Stellen sich die Parteien eigentlich die Frage, ob sie denn nicht an der Interessenslage der Bevölkerung vorbei agieren? Ob die Leute denn nicht das Ausschuss-Hickhack und personelle Intrigen satthaben? Vielleicht wollen sie lieber wissen, wie denn der Sommer wird, wie sie wieder Jobs bekommen, wie man die Klimakrise bewältigt, wie die corona-bedingten Defizite der Schüler behoben werden? Die von Medien immer häufiger lancierten Neuwahl-Gerüchte gehören jedenfalls nicht dazu. Eigentlich haben wir in dieser Krise Neuwahlen so nötig wie einen Kropf. Der Politologe Peter Filzmaier rechnet vor: Nur mehr knapp ein Drittel vertraut den Parteien, nur mehr 38 Prozent vertrauen der Regierung. Laut APA/OGM-Vertrauensindex haben zu Jahresbeginn alle (!) Politiker aus Regierung oder Opposition ein Minus aufgewiesen. Kurz hat deutlich schlechtere Vertrauenswerte als noch im vergangenen Sommer, aber Kogler, Rendi-Wagner, Hofer und Meinl-Reisinger sind noch schlechter dran.

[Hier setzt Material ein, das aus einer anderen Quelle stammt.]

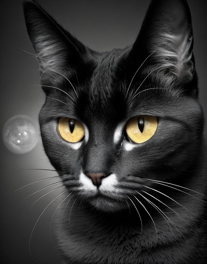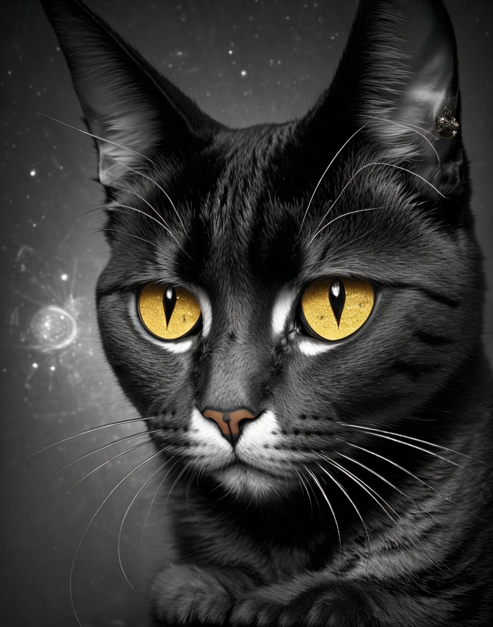 A close-up of a gray striped cat with vivid yellow eyes and a piercing gaze against a dark background.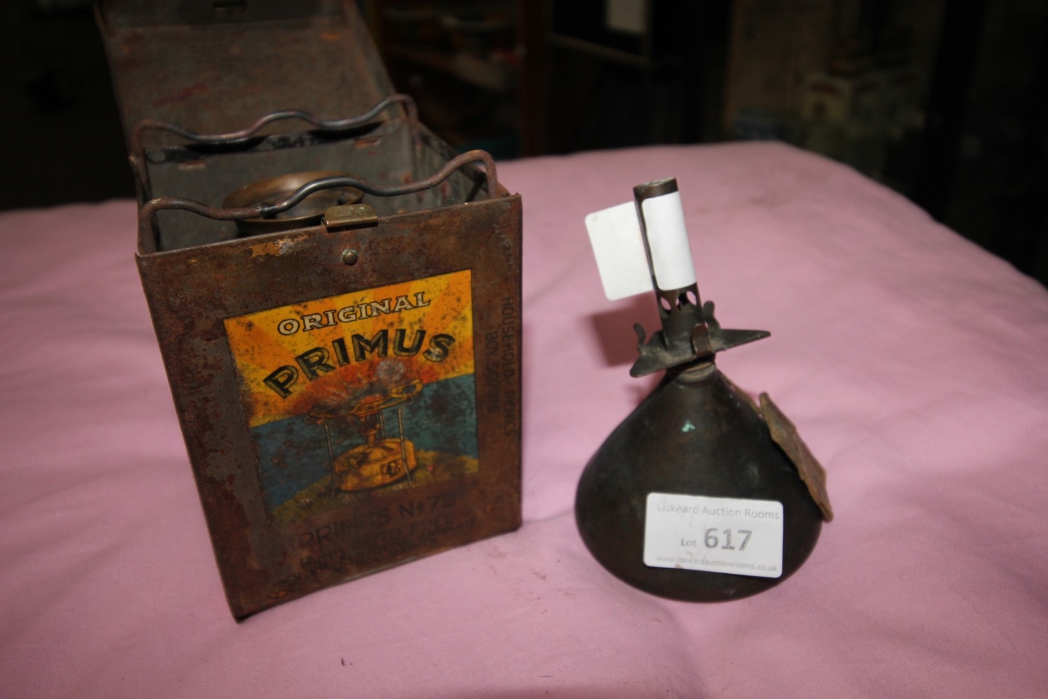 Lot 617: vintage original primus gas lamp plus indicating funnel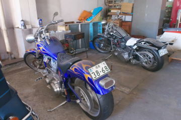 店舗は細長く奥につながっていて、30m以上先に裏口がある。その裏口にはクラッシックなバイクが3台。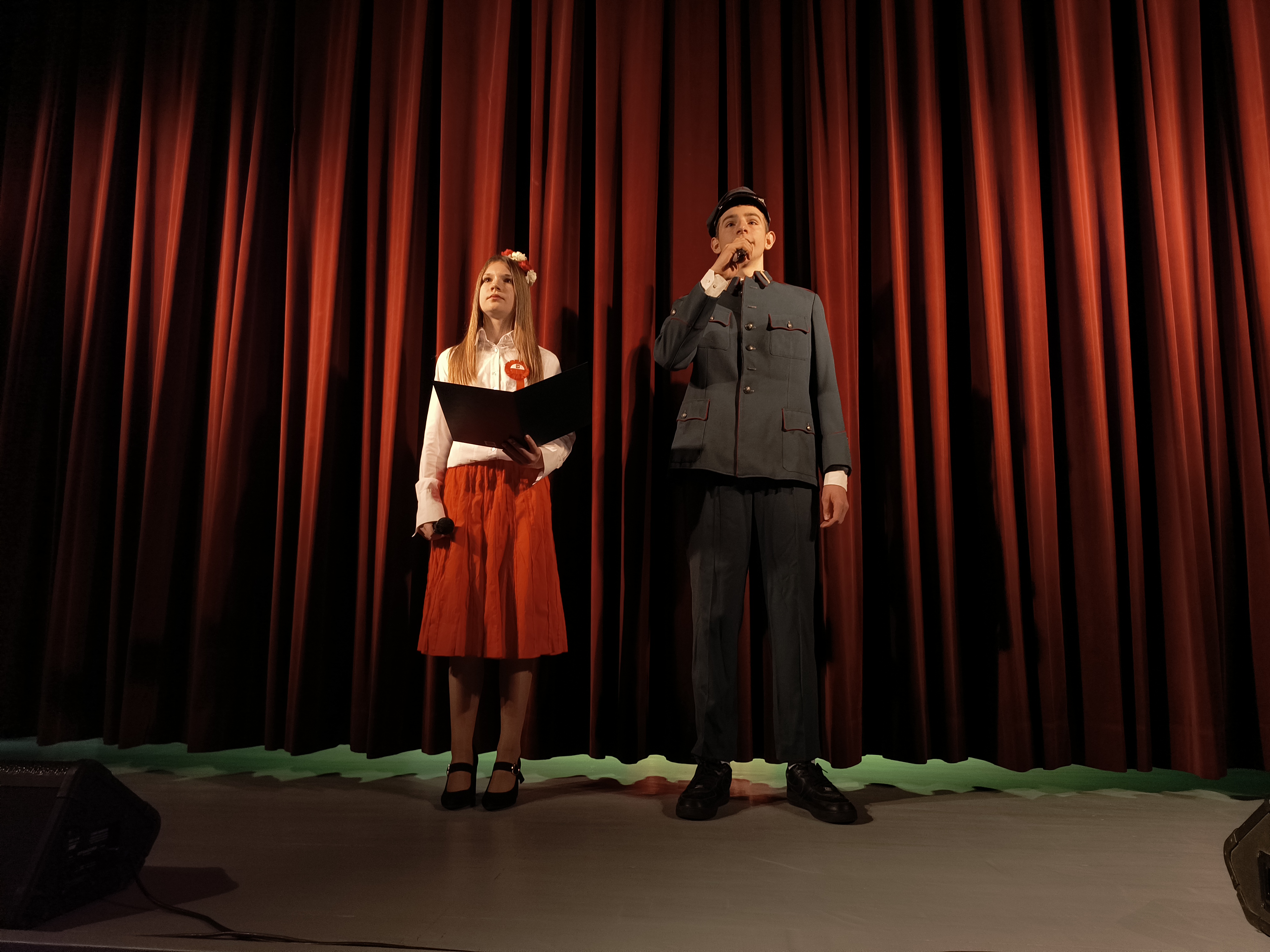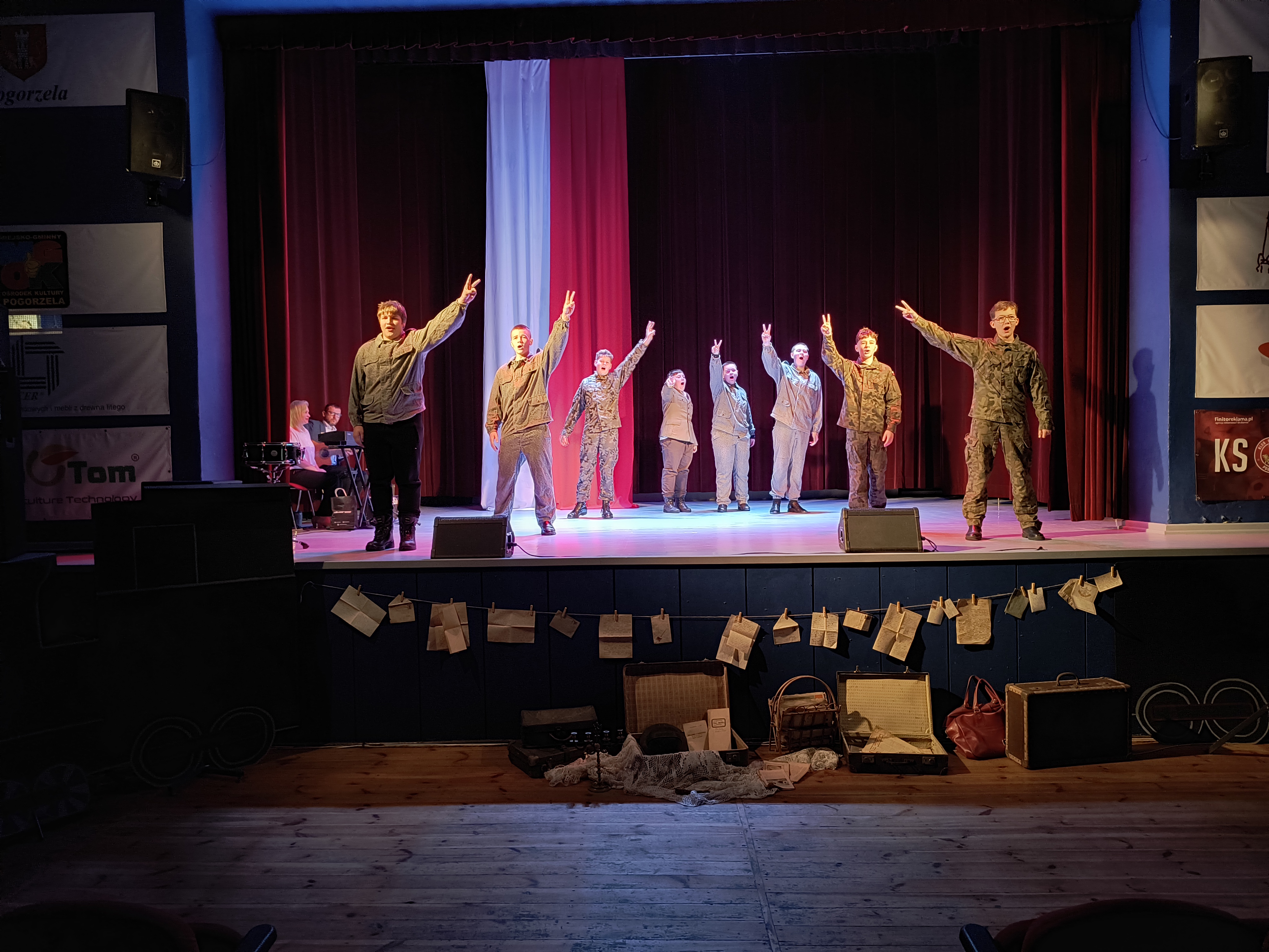 W niedzielne popołudnie (16 listopada) na scenie w MGOK-u odbyło się niezwykłe widowisko – montaż słowno-muzyczny „Pociąg do Wolności” przygotowany przez uczniów kółka teatralnego, które działa w SP w Pogorzeli. Występ uświetnili laureaci szkolnego konkursu piosenki patriotycznej. Uczniowie zabrali publiczność w podróż przez 123 lata historii Polski – od rozbiorów, przez powstania i Wielką Wojnę, aż po upragnioną niepodległość.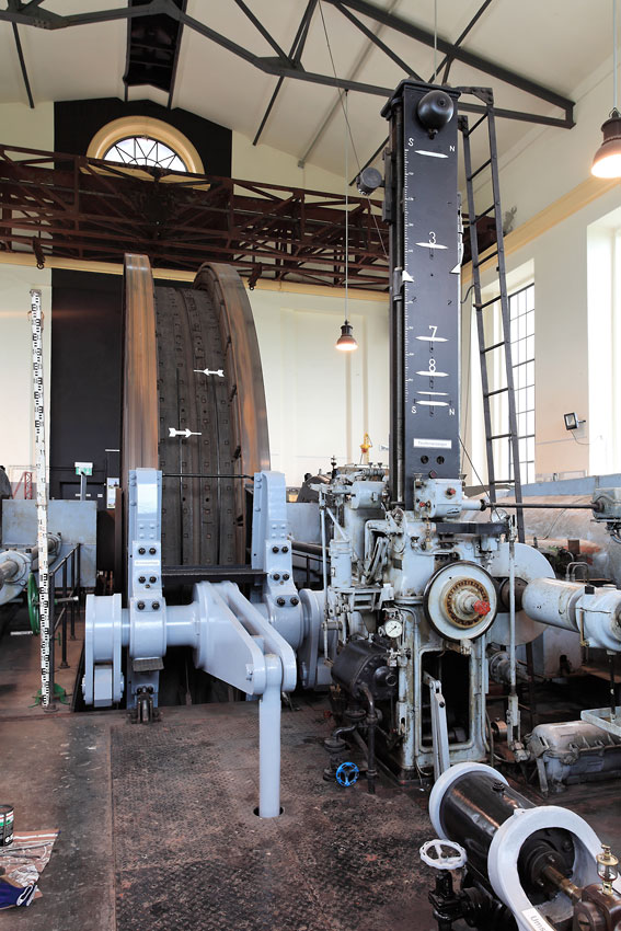 17/08/2015 | Machine d'extraction à vapeur 'sud' du puits n°9 : poulie Koepe et indicateur de profondeur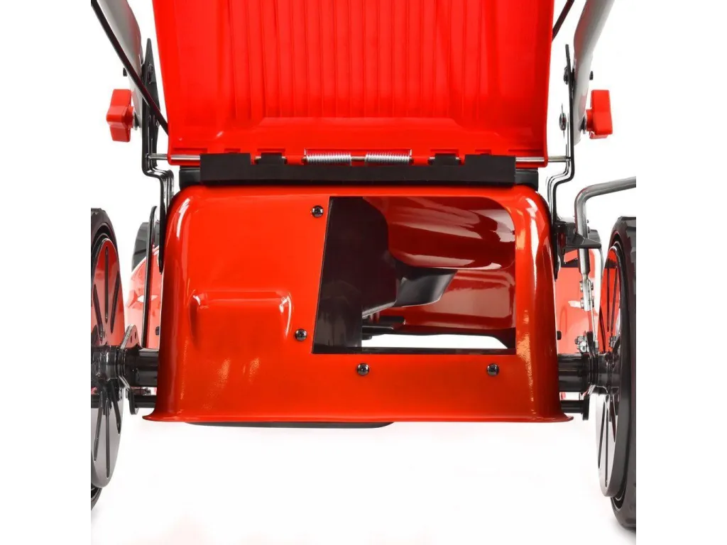 Aj napriek masívnemu spracovaniu kosačka váži len 32 kg. Pre zachytávanie pokosenej trávy slúži 55 l kôš z plastu a odolnej textílie, ktorý je pre lepšiu kontrolu stavu naplnenia opatrený kontrolnou klapkou. Táto klapka vďaka zmenám v prúdení vzduchu v závislosti na naplnení koša mení svoju polohu a tak má obsluha vždy prehľad o obsahu koša. Pevne uchytená rukoväť je vďaka použitiu krídlových matíc ľahko zložiteľná a nájdete na nej ľahko dostupné všetky hlavné ovládacie prvky kosačky. Príjemné je polstrované madlo zmierňujúce prenášanie vibrácií.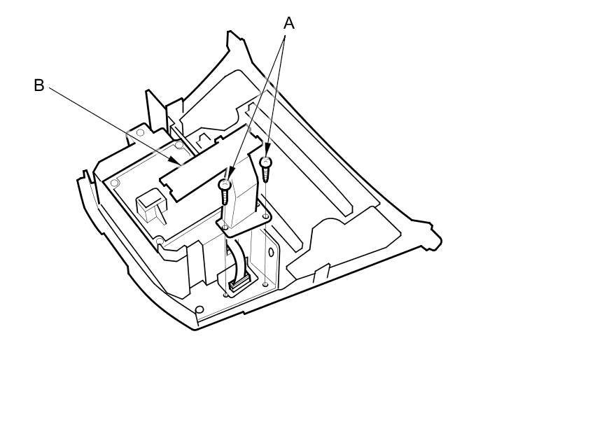 2. Remove the screws (A) and harness cover (B).

Möglicherweise schlägt jetzt die Stunde der Grünen. Wenn sie, der Not gehorchend, der Regierung die Stange halten, gegen die Meinung der Basis und mancher Altvorderer möglicherweise, und so Neuwahlen verhindern (die sie selbst überhaupt nicht brauchen können), können sie plötzlich einige Ziele des Regierungsprogramms durchbringen. Von einer ökosozialen Steuerreform bis zu Mehrwegflaschen und Plastikpfand. Da kann die Wirtschaftskammer noch so reflexartig aufschreien. Eine angeschlagene ÖVP wird zu viel mehr Zugeständnissen bereit sein (müssen) als bisher. Vorausgesetzt, Kurz kann über seinen Schatten springen und den Grünen, wie man bei uns sagt, „s` Mul gunna“. Wie heißt es bei Goethe weiter: „Ein leidig Lied!“ Unsere Parteien sollten das Leiden beenden, und zwar rasch.

Wolfgang Burtscher, Journalist und ehemaliger ORF-Landes­direktor, lebt in Feldkirch.